It’s Thursday night as I write this, and I’m still recovering from the annual monstrous feast known as Thanksgiving. It’s not the turkey coma I’m thinking about, though, nor is it the onslaught of the Christmas season. Right now, I’m thinking about write-ins, and how surprisingly effective I find them.
See, until I started doing NaNo last year, I had always considered writing a solitary activity. Sticking words to a page in the correct order to make characters, places and stories is not easy work, and there’s a mythology that has grown up around the act of writing, I think. The idea of a writer, locked away in a garret, creating art one word at a time out of ink and paper (usually to the music of quills scratching) is in some ways the archetype many people have in mind when someone is described as a writer. Consequently, many folks consider writing to be an act that requires solitude.
However, that’s not necessarily so, at least for me. Writing requires focus, to be sure, but solitude isn’t a prerequisite for that. Sometimes, solitude can detract from the focus needed to write, especially if you have a lot of other things to do and all your other projects start clamoring for attention in the silence of aloneness. Much of the time, I write by myself, but having other people around can be a help.
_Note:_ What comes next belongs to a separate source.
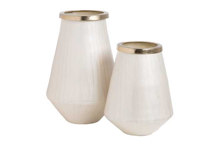 JARRÓN BLANCO METAL-CRISTAL DECORACIÓN 23 X 23 X 29 CM

Last night, my local NaNo chapter had a write-in. Three of us showed up, which is about what I expected (it’s a university town, and students get the week off). We sat down and got to work, and I quickly rediscovered the joy of being focused with other people. The sound of other people clacking away, hard at work, makes terrific white noise, and the fact that we didn’t know each other well was an added bonus; it made it easier to get deep into our work. We could ignore each other and not feel bad about it…of course, I usually ignore people and rarely feel bad about it, but I’m getting off-track here.
After a while, we got a rude surprise: the management had told our local liaison that they would be open, but neglected to mention they were closing early. It wasn’t by much, but it was enough to cut our time short. However, things were going so well for two of us that we ended up going to a 24-hour restaurant in town and continuing our work. After a couple of hours, I ended up with about 5,000 words for the night, a total I was pleased with not only for the word count, but for getting an important scene created. It was a satisfying night, and I rarely get that kind of satisfaction in writing—the feeling of achieving a milestone—when I’m working alone.
If you habitually write by yourself, whether it’s in your office early in the morning or at the kitchen table late at night, after the spouse and the kids and the dogs are asleep, you might give writing in a busier location a whirl. Naturally, I can’t promise it’ll work for you; some people really need solitude in order to work. Other people may find that people-watching becomes a more fascinating exercise and go with that. But, if you can take the hustle and bustle of other people moving around and make into background noise, you may find that activity to be, in a strange way, insulating. Whether it’s a coffee shop or a library or a restaurant with Wi-Fi, any location where people interact in a low-key fashion can be quite the boon to writing. If nothing else, you might get some character research out of it, and that’s always useful.